▸ **DATASET CONTENT**:
_ _ _ _ _

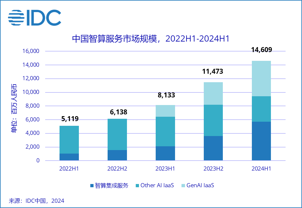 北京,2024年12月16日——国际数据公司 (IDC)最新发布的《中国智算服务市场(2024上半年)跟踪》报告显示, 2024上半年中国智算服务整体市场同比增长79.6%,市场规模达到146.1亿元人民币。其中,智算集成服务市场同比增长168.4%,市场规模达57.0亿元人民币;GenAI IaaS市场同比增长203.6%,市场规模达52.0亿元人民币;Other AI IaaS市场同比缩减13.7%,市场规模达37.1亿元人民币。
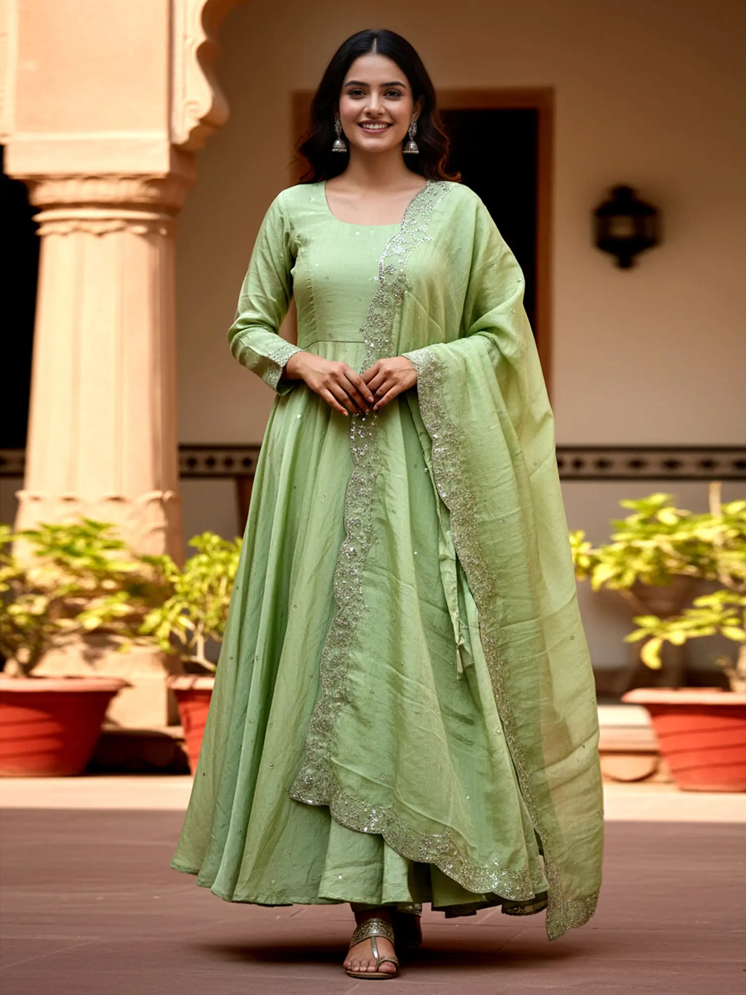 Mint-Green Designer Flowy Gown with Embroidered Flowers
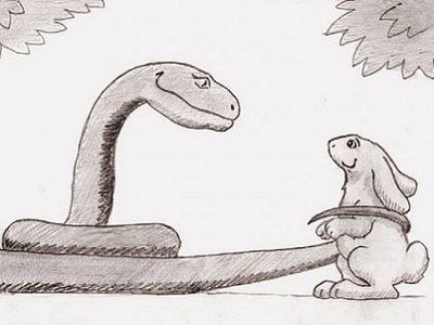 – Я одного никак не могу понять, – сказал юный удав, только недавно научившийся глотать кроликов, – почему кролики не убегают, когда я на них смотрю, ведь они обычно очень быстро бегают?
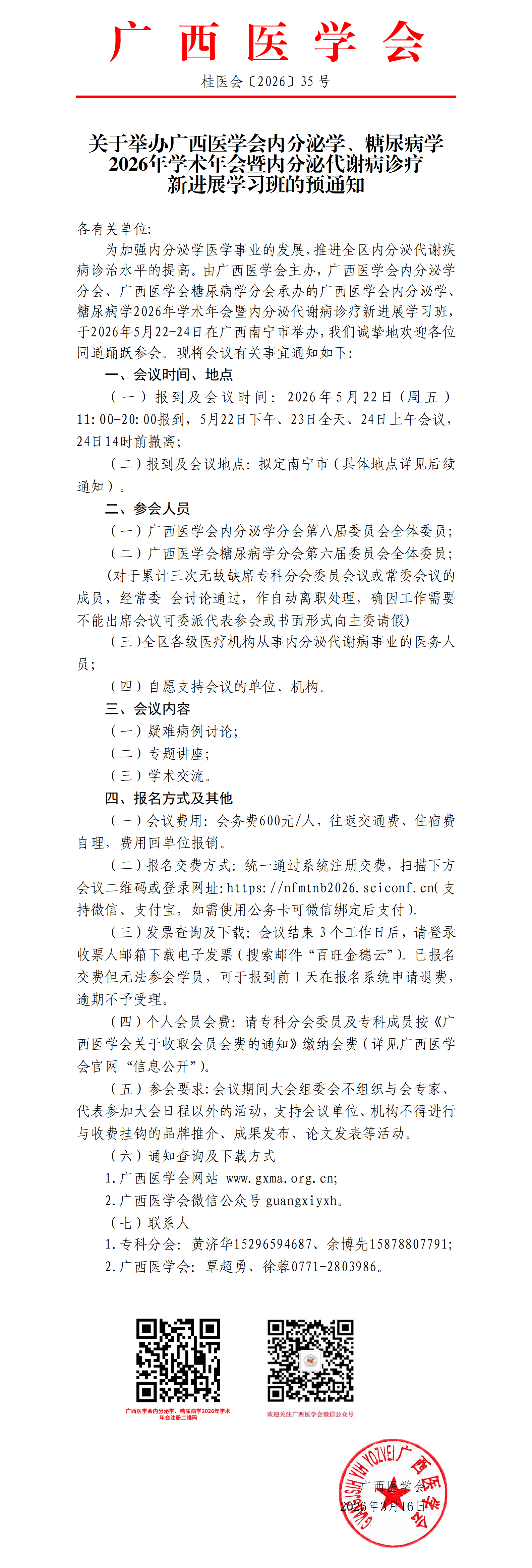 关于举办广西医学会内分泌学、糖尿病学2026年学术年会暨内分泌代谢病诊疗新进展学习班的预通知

_ _ _ _ _

▸ **GOAL OF THE EXERCISE**: Copy out all of the data word for word. Do not carry over any picture.

▸ **FINISHED TASK**:
 北京,2024年12月16日——国际数据公司 (IDC)最新发布的《中国智算服务市场(2024上半年)跟踪》报告显示, 2024上半年中国智算服务整体市场同比增长79.6%,市场规模达到146.1亿元人民币。其中,智算集成服务市场同比增长168.4%,市场规模达57.0亿元人民币;GenAI IaaS市场同比增长203.6%,市场规模达52.0亿元人民币;Other AI IaaS市场同比缩减13.7%,市场规模达37.1亿元人民币。
 Mint-Green Designer Flowy Gown with Embroidered Flowers
 – Я одного никак не могу понять, – сказал юный удав, только недавно научившийся глотать кроликов, – почему кролики не убегают, когда я на них смотрю, ведь они обычно очень быстро бегают?
 关于举办广西医学会内分泌学、糖尿病学2026年学术年会暨内分泌代谢病诊疗新进展学习班的预通知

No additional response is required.